9th Annual Conference of the International Speech Communication Association

Brisbane, Australia
September 22-26, 2008

Speaker Orientation Estimation Based on Hybridation of GCC-PHAT and HLBR

Carlos Segura (1), Alberto Abad (2), Javier Hernando (1), Climent Nadeu (1)

(1) Universitat Politècnica de Catalunya, Spain; (2) INESC-ID/IST, Portugal

This paper presents a novel approach to speaker orientation estimation in a SmartRoom environment equipped with multiple microphones. The ratio between the high and low band energies (HLBR) received at each microphone has been shown in our previous work to be a potentially approach to estimate the direction of the voice produced by a speaker.

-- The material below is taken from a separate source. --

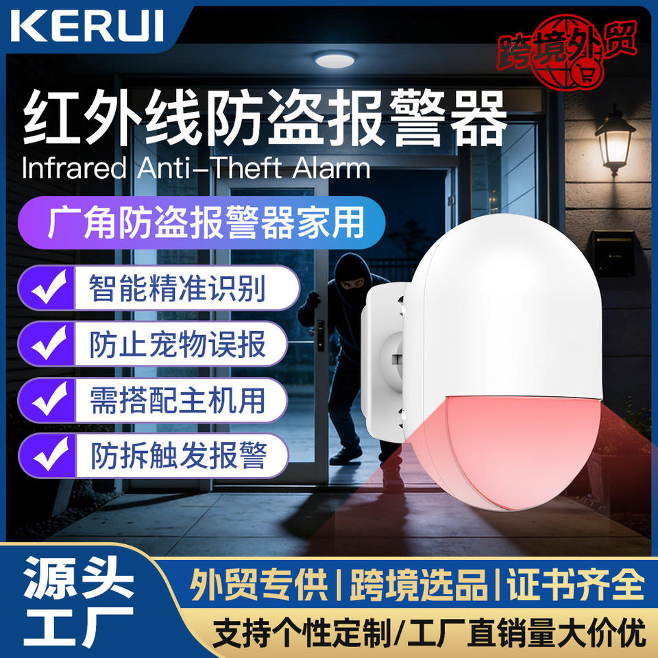 Sensor de Movimiento PIR Inalámbrico Kr-P829, Alcance de 100M, Alarma Sonora, Detección de Seguridad Interior y Exterior

In this work, for each microphone pair, a smoothed CPS phase is obtained by a proper windowing of the main peak of the cross-correlation sequence estimated with the GCC-PHAT method, and a HLBR is computed from the processed CPS. The proposed method keeps the computational simplicity of the HLBR algorithm while adding the robustness offered by the GCC-PHAT technique. Experimental preliminary results were conducted over a database recorded purposely in the UPC Smart room, and over the CLEAR head pose database. The proposed method performs consistently better than other state-of-the-art techniques with both databases.

Bibliographic reference.  Segura, Carlos / Abad, Alberto / Hernando, Javier / Nadeu, Climent (2008): "Speaker orientation estimation based on hybridation of GCC-PHAT and HLBR", In INTERSPEECH-2008, 1325-1328.